The town of Stewarton developed around a church. After the Reformation the land belonging to the church passed into "lay hands", and Stewarton was administered by commissioners and magistrates, whose offices were not filled by free election, and their tenure has no fixed date. The act of Parliament of 1868 ended this autocratic rule and laid the foundations of democratic government. The town became a police burgh in 1868 and, like many other Scottish towns, had its coat of arms – a Stewarton Bonnet over a Shake Fork and inscribed motto "Over Fork Over".

However, this coat of arms was not officially registered, and it was not until 1955 that the burgh obtained one. The legend of Malcolm Canmore and the Stewarton farmer was not accepted by Sir Thomas Innes of Learney, Lord Lyon King of Arms, and since he had the power of execution the town council had to accept his design.

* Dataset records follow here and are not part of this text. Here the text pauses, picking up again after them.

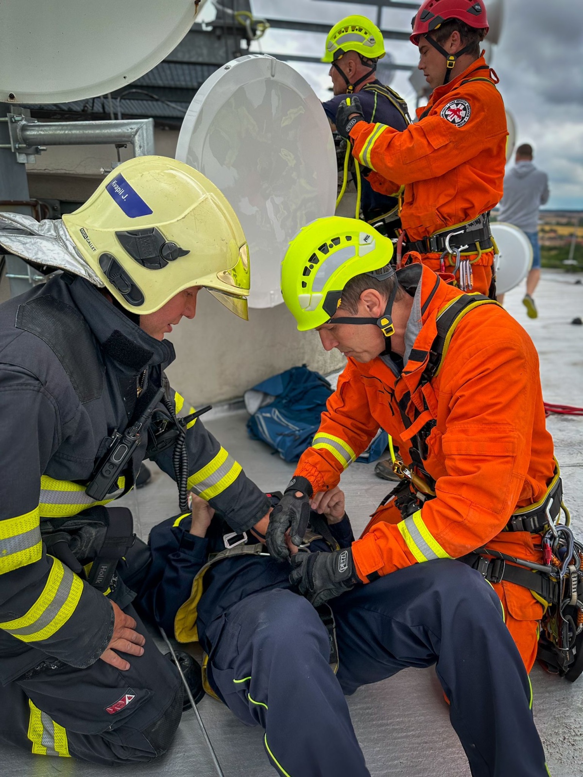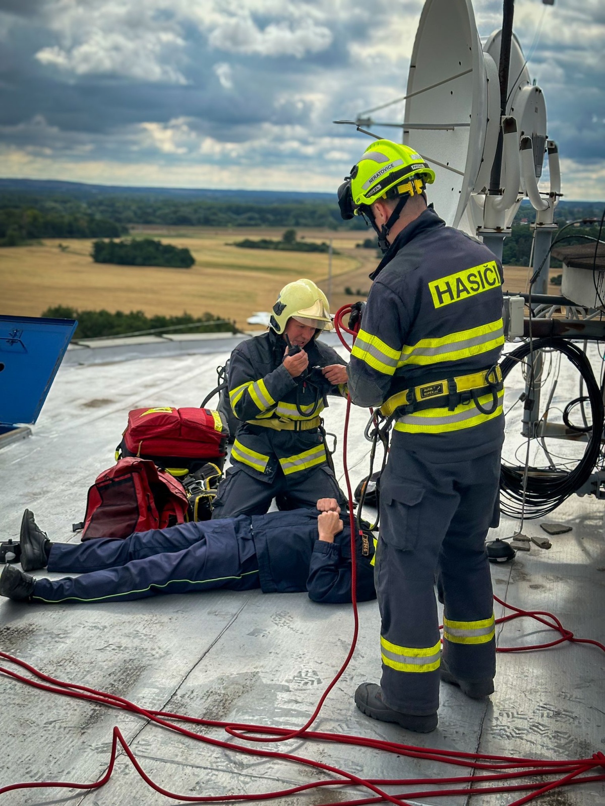 Při údržbě věžového vodojemu v blízkosti obce Kojetice se jednomu z techniků udělalo nevolno – to byl námět prověřovacího cvičení, které se ve středu 3. července v dopoledních hodinách uskutečnilo na Mělnicku.
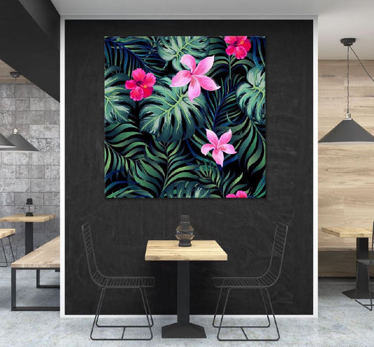 Square Canvas Hibiscus & Orchid Vector Art High Quality Print 100% Australian Made
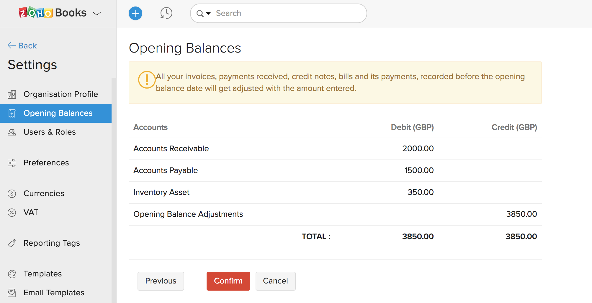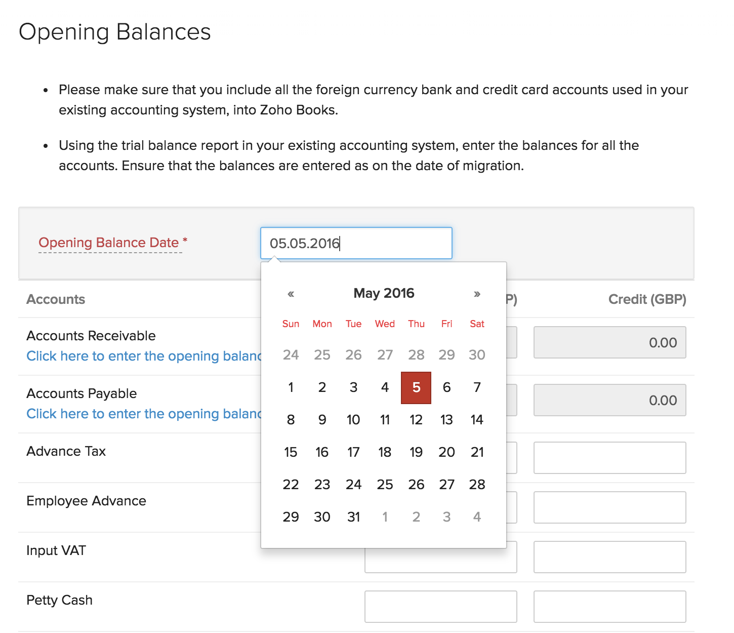 Opening Balances is the amount you have in the different accounts of your business at the start of an accounting period, or when switching to a new accounting system. When switching from your previous system, you need to ensure that all your accounts and their balances are brought into Zoho Books.
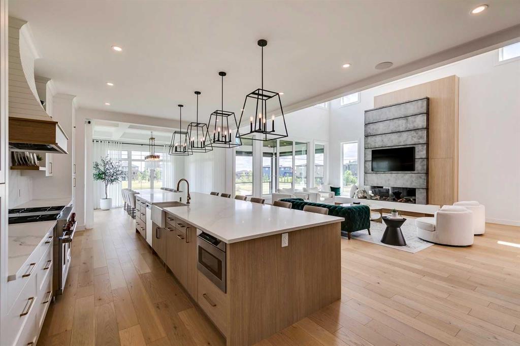 Welcome to the brand new development of Knightsbridge in Cambridge Park. Minutes away from access to Stoney Trail and East Hills shopping centre. The EVERLY is a stunning estate home designed to blend luxury and practicality. Set on a generous 8208 sq ft lot, this home provides an expansive backyard and a side-drive FOUR car garage. These are not your typical cookie cutter homes. With 3,643 sq ft. of living space, this custom-built masterpiece features 5 spacious bedrooms and 4.5 beautifully designed bathrooms, offering ample room for family and guests. This home is loaded with upgrades including: Main floor full ensuite bath as well as an added powder room, ensuite bathrooms upstairs for added convenience, high ceilings & a Spice kitchen to enhance your culinary experiences. Inside, the main floor exudes elegance with rich hardwood flooring and 9 ft ceilings with 8 ft doors, and striking black-framed windows that invite natural light. The gourmet kitchen is a chef’s dream, complete with an oversized island, a secondary spice kitchen, sleek stainless steel appliances. An open concept formal dining and living area set the stage for gatherings. The main floor also includes a separate flex room that can be perfect for a home office or a prayer room. The main floor also feature a spacious bedroom along with a 4 pc ensuite bathroom, perfect for multigenerational living. The primary suite on the upper floor is a true sanctuary with a freestanding tub and a custom-built closet. The home’s thoughtful design continues with 3 more generous sized bedrooms on the second floor, a bonus room for entertaining, ensuite bathrooms for convenience, as well as a second floor laundry room. Step outside to enjoy a completed rear deck with steps leading to a private outdoor oasis. This home also offers a 4 car attached garage allowing plenty of space for extra parking. This community is within minutes to Calgary, Chestermere, and East Hills, 18 minutes to Downtown Calgary, and provides quick access to Stoney Trail, Highway 1, and McKnight Blvd making it easy to get anywhere in and around the city. Located near shopping centres, public and private schools, Khalsa school's, parks, and many other amenities, while still offering quiet country-living with wide open green spaces, walking paths and playgrounds.
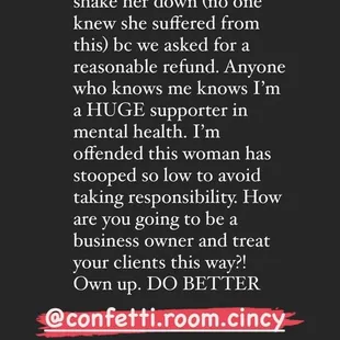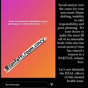Terrible experience. I recently attended a wedding at The Confetti room and was appalled by how unprofessional and disrespectful this owner is. Day of event the venue coordinator the bride paid extra for did not show. We all understand we are living during a pandemic, however, there was no warning or call from coordinator or venue to tell them. The bride just showed up to a venue with no coordinator, no staff, and nothing decorated as guests arrived. The stress caused her to have a panic attack while her family and third party caterers (the real MVPs!) ended up scrambling to decorate the venue and bartend (venue's job). After all of this she contacted the owner to let them know what happened and was treated with immediate hostility. The owner first lied to my friend (bride), then blamed her, and finally accused the her of attacking the owner. I thought the initial lack of organization was bad enough to warrant a review but the way this owner treated my sweet friend was appalling, wildly unprofessional and downright rude. DO NOT RECOMMEND. Save your money and go someplace else!
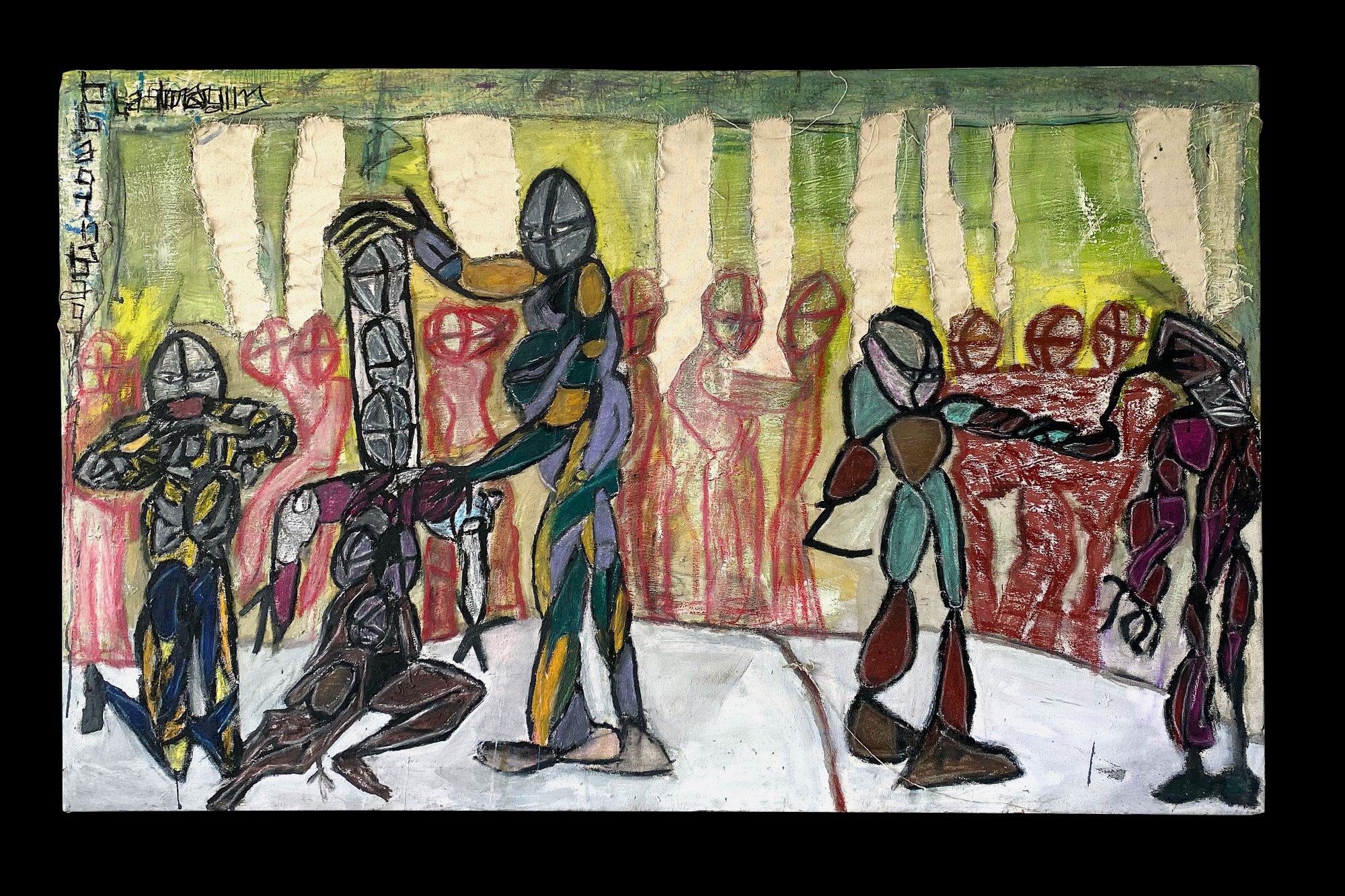 Olej, pastele, wyszywanie na płótnie
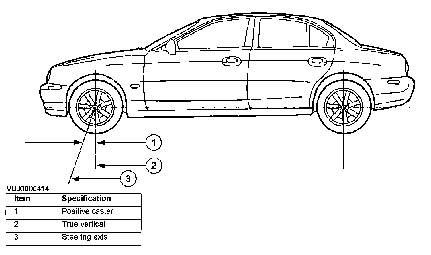 Caster is the deviation from vertical of an imaginary line drawn through the ball joints when viewed from the side. The caster specifications in this section will give the vehicle the best directional stability characteristics when loaded and driven. The caster setting is not related to tire wear.
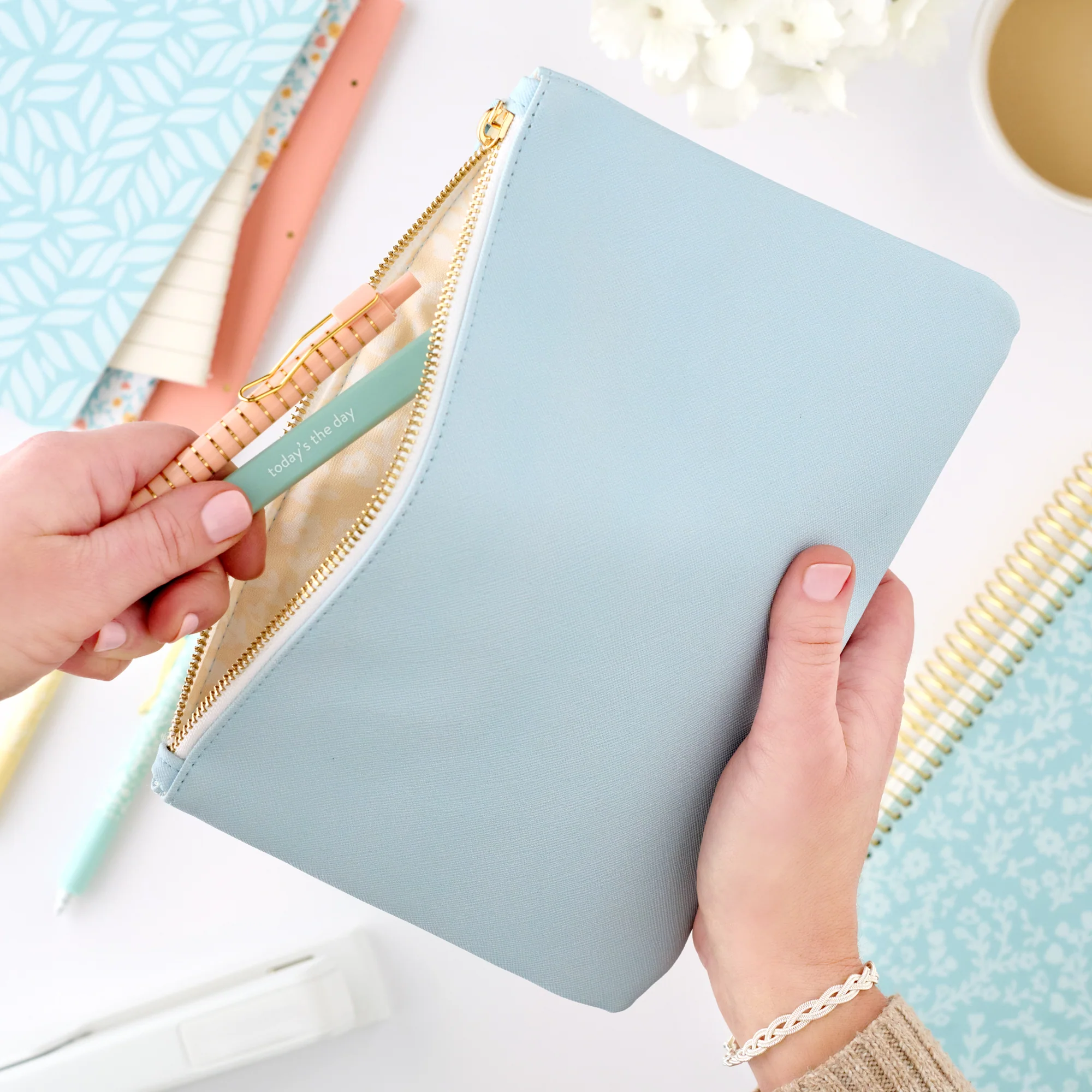 Keep your essentials neatly organized with our adorable blush zipper pouch! It's the perfect little companion for stashing your favorite pens, makeup, money planner envelopes, or any small goodies you need. The blush zipper pouch features durable vegan leather and colorful polyester lining that adds a pop of personality. You’ll love how easy it is to stay organized!
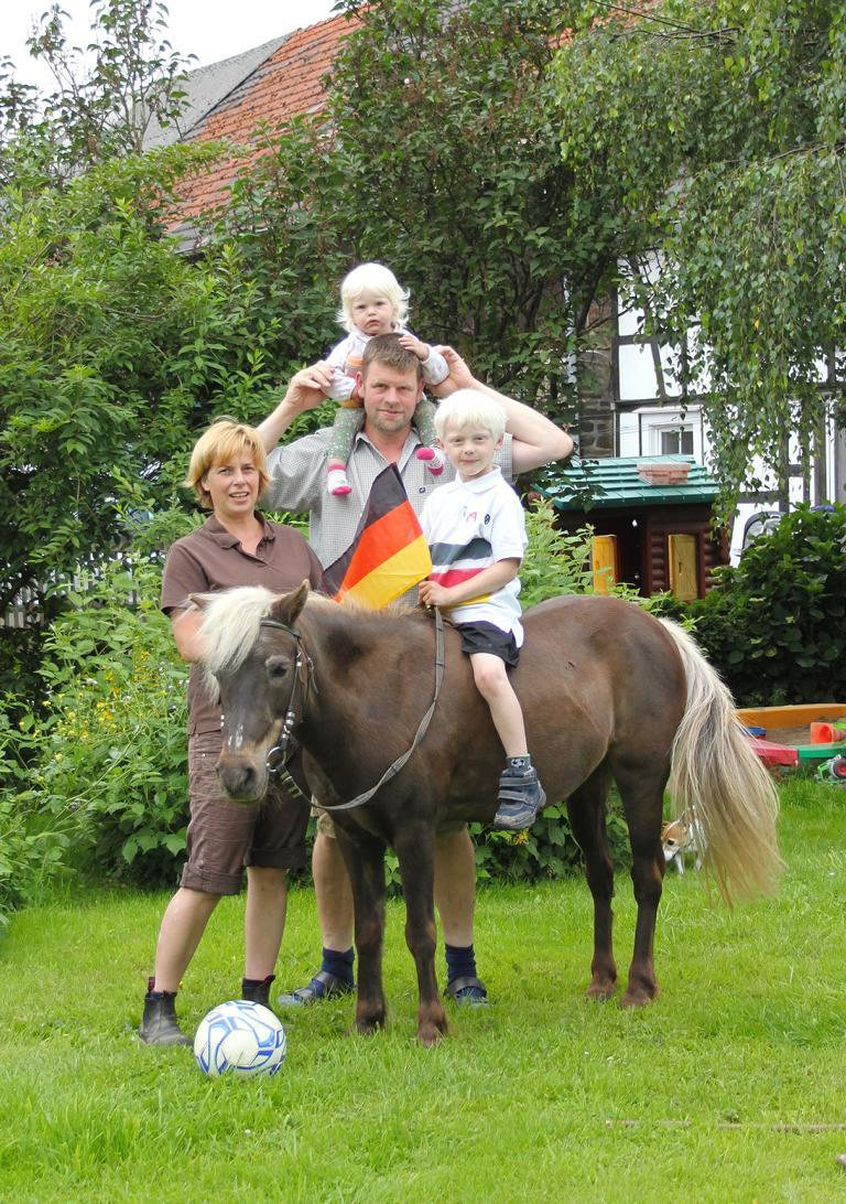 Mit den Hunden Nelly und Elva, den Ponies Safir, Briet, Vikingur und Ronja sowie einigen Katzen wird es nie langweilig.
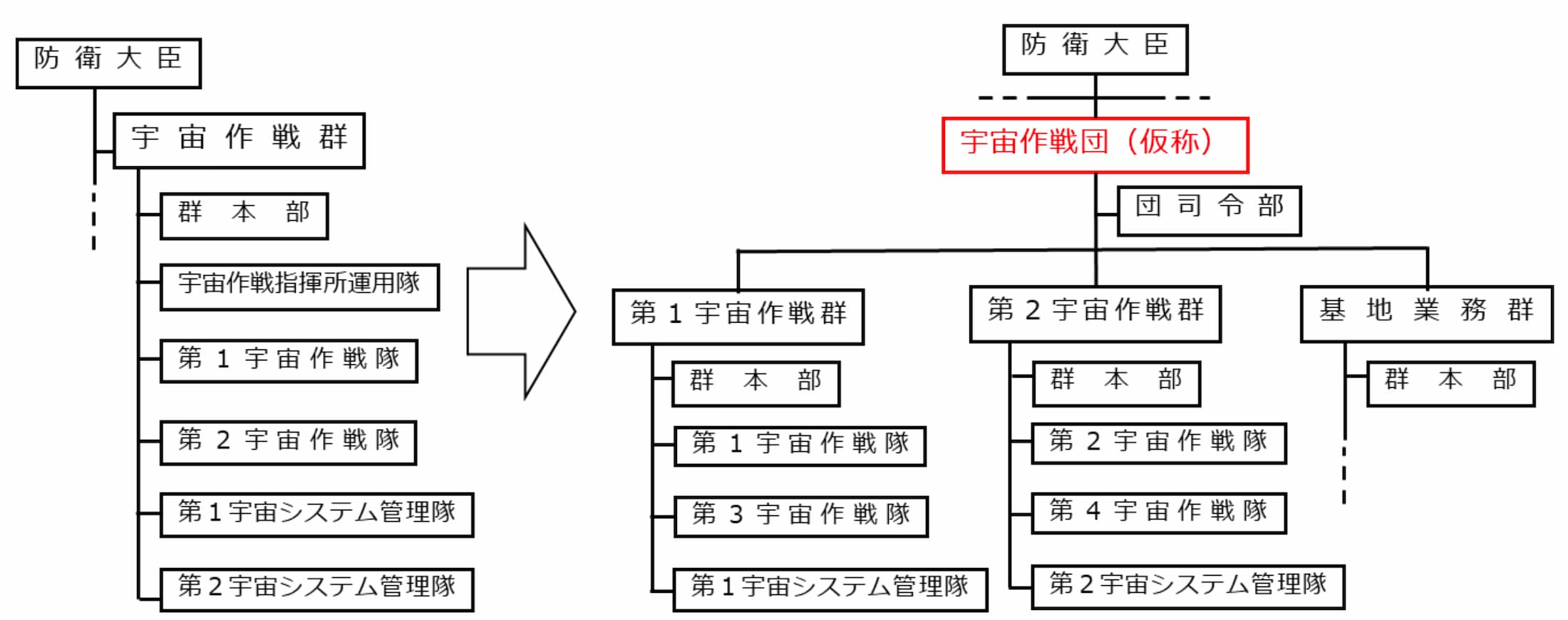 これまで単独の群編成だった宇宙部隊は、今回の改編により石井浩之(いしい・ひろゆき)空将補を司令とする団司令部の隷下に複数の群を置く組織へと移行した。第1、第2宇宙作戦群の下にはそれぞれ2個宇宙作戦隊と1個宇宙システム管理隊が配置され、SDA(宇宙領域把握)任務や新規装備の運用を担う体制となっている。これにより、従来約310名規模だった部隊は、約670名規模へと倍増した。これは、令和8(2026)年度末に予定されている「宇宙作戦集団」への発展、および航空自衛隊の「航空宇宙自衛隊」への改称を見据えた段階的措置でもある。
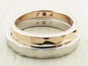 内側には筆記体でお互いのイニシャルと誕生石を留めています。
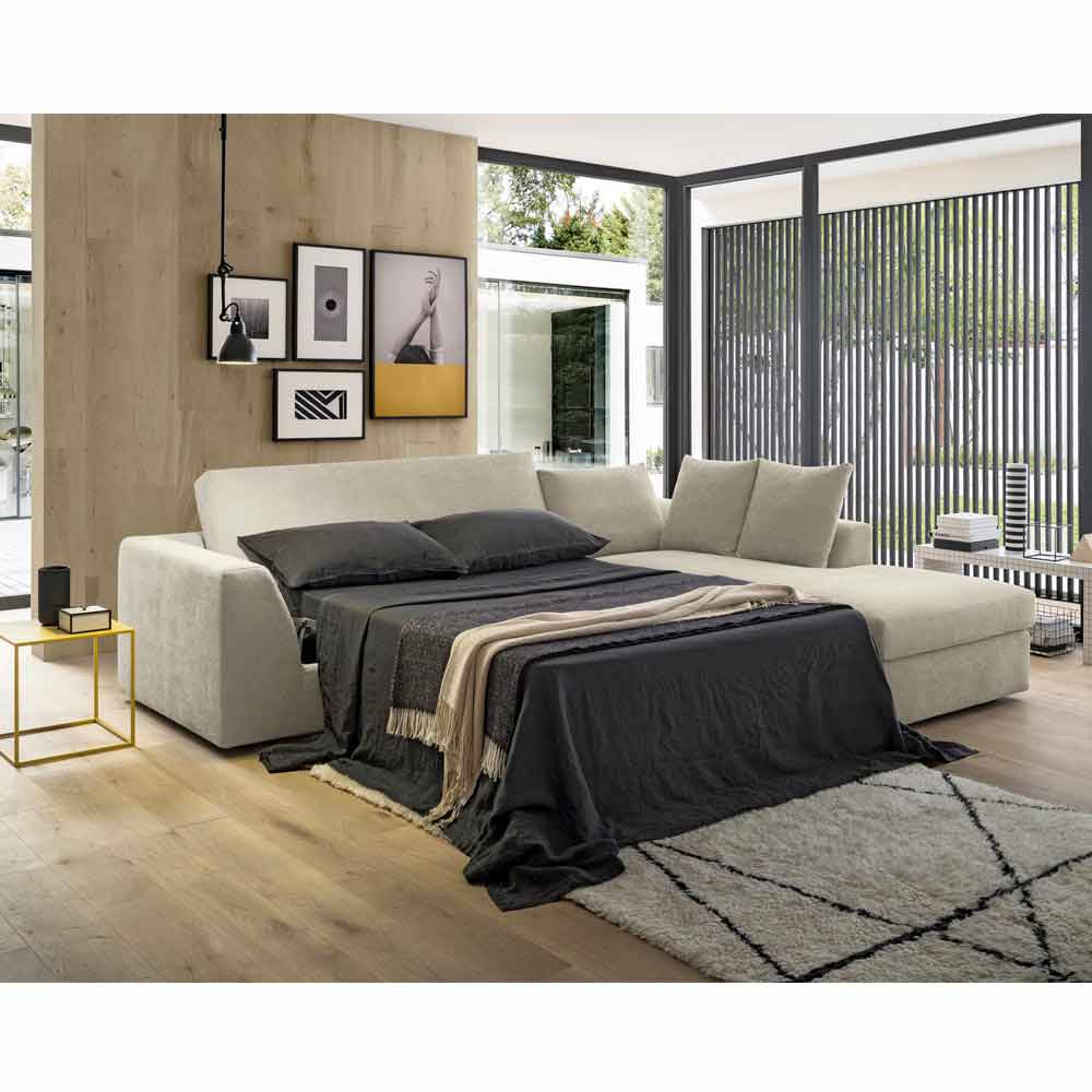 Sofá-cama de canto coberto de tecido bege feito na Itália
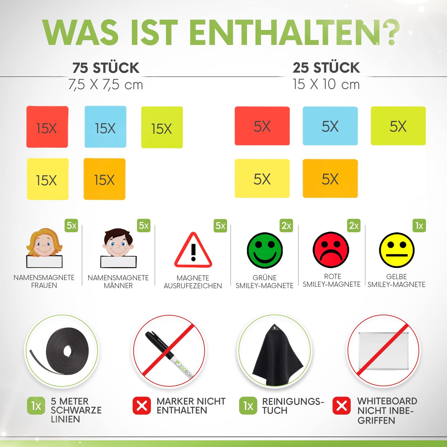 "VIEL PLATZ ZUM SCHREIBEN: Trockenlöschmagnete in 2 Größen und 5 Farben werden mitgeliefert: 25 Stk. 15 x 10 cm (5 grüne, 5 gelbe, 5 blaue, 5 rote und 5 orangefarbene) und 75 Stk. 7,5 x 7,5 cm (15 grüne, 15 gelbe, 15 blaue, 15 rote und 15 orangefarbene). Dieser Werkzeugsatz eignet sich für normale magnetische Whiteboards (NICHT INBEGRIFFEN). Für Glastafeln ist er NICHT GEEIGNET!"

The motto was changed to Knit Weel, a compliment to the towns ancient industry. The design includes part of the baronial arms of the Earls of Douglas, Earls of Arran, the Cunninghames of Corsehill, and the Montgomeries of Lainshaw. These prominent families had early association with the burgh, and their arms share a place with the bonnets, which represent the Town and Trade.

From 1955 to 1975 the people of Stewarton were familiar with the coat of arms. The local government reorganisation enforced in 1975 meant that the existing burghs and their councils were abolished and the rights to use the coat of arms was lost.

Stewarton and District Community Council petitioned the Lord Lyon for the return of the Stewarton coat of arms. The re-granting of the arms ceremony, by the Lord Lyon King of Arms representative, took place prior to the Bonnet Guild's Crowning Ceremony for the Corsehill Queen on Saturday 15 June 2002.